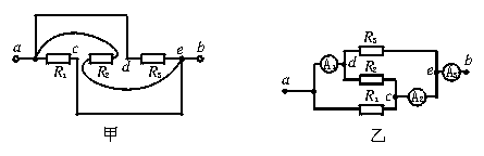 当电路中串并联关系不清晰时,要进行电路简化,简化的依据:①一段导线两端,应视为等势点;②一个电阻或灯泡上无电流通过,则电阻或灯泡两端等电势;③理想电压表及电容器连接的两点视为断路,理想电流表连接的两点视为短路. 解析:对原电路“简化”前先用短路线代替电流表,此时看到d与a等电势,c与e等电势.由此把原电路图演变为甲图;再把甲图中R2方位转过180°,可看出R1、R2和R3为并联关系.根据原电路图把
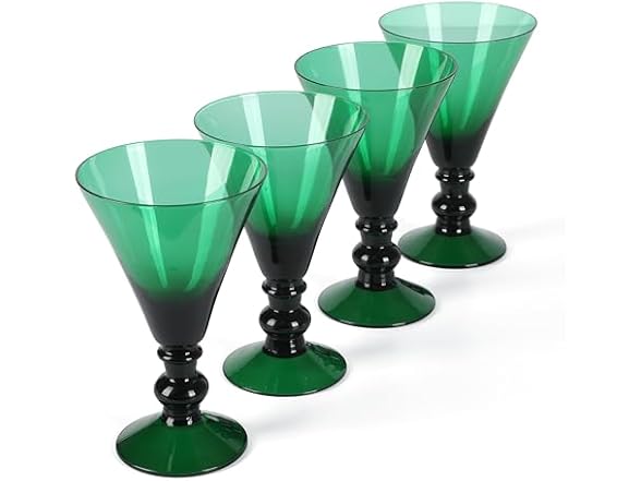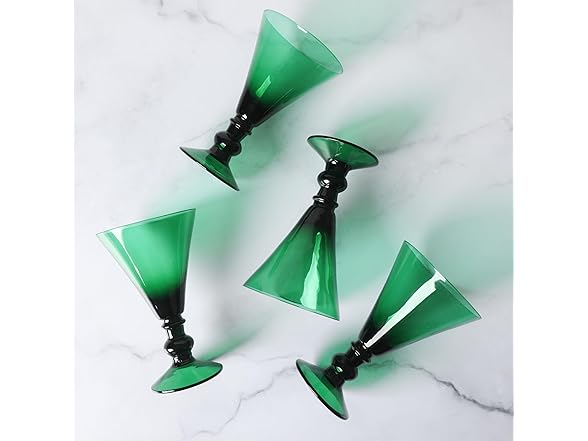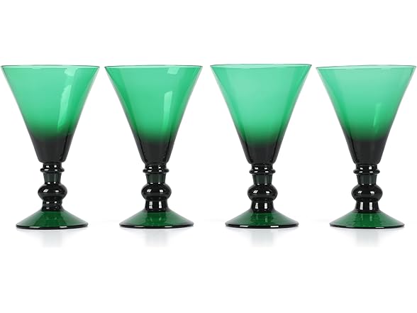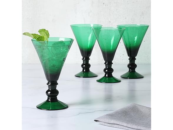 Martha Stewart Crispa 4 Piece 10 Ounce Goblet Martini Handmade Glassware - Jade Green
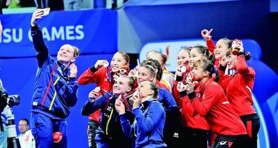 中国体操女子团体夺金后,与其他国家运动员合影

---

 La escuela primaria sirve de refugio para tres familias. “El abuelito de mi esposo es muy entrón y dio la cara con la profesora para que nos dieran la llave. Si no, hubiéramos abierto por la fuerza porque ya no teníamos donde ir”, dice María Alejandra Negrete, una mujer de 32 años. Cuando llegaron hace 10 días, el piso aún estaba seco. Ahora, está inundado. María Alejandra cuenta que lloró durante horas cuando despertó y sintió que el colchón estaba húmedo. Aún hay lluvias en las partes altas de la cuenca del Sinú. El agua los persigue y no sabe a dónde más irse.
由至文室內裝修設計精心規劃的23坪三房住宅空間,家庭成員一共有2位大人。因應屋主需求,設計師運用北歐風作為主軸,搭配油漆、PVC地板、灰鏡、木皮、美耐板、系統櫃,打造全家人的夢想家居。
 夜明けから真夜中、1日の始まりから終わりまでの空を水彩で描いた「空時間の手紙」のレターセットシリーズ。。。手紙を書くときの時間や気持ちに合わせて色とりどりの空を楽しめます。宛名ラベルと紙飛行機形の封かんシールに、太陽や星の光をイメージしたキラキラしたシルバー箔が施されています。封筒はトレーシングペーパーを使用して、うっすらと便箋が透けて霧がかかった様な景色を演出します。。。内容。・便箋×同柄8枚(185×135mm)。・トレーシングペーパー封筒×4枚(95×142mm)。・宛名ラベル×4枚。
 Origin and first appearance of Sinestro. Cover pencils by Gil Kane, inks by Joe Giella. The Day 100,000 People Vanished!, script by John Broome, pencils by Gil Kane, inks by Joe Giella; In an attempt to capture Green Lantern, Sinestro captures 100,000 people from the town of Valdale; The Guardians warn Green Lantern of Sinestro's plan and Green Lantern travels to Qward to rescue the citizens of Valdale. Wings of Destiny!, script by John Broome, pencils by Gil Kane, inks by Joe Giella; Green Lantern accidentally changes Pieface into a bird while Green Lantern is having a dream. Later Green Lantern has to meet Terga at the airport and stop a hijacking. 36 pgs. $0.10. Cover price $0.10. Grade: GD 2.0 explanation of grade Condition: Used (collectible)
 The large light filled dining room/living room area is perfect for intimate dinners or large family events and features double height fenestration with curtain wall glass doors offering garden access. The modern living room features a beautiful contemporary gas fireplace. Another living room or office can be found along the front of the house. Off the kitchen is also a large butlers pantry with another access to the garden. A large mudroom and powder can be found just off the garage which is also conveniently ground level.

■ **REQUIRED ACTION**
Look through the entries above and quote exactly the lines from the line with "La escuela primaria" to the line with "夜明けから真夜中、1日の始ま", counting both of those lines.

■ **SOLUTION BELOW**
 La escuela primaria sirve de refugio para tres familias. “El abuelito de mi esposo es muy entrón y dio la cara con la profesora para que nos dieran la llave. Si no, hubiéramos abierto por la fuerza porque ya no teníamos donde ir”, dice María Alejandra Negrete, una mujer de 32 años. Cuando llegaron hace 10 días, el piso aún estaba seco. Ahora, está inundado. María Alejandra cuenta que lloró durante horas cuando despertó y sintió que el colchón estaba húmedo. Aún hay lluvias en las partes altas de la cuenca del Sinú. El agua los persigue y no sabe a dónde más irse.
由至文室內裝修設計精心規劃的23坪三房住宅空間,家庭成員一共有2位大人。因應屋主需求,設計師運用北歐風作為主軸,搭配油漆、PVC地板、灰鏡、木皮、美耐板、系統櫃,打造全家人的夢想家居。
 夜明けから真夜中、1日の始まりから終わりまでの空を水彩で描いた「空時間の手紙」のレターセットシリーズ。。。手紙を書くときの時間や気持ちに合わせて色とりどりの空を楽しめます。宛名ラベルと紙飛行機形の封かんシールに、太陽や星の光をイメージしたキラキラしたシルバー箔が施されています。封筒はトレーシングペーパーを使用して、うっすらと便箋が透けて霧がかかった様な景色を演出します。。。内容。・便箋×同柄8枚(185×135mm)。・トレーシングペーパー封筒×4枚(95×142mm)。・宛名ラベル×4枚。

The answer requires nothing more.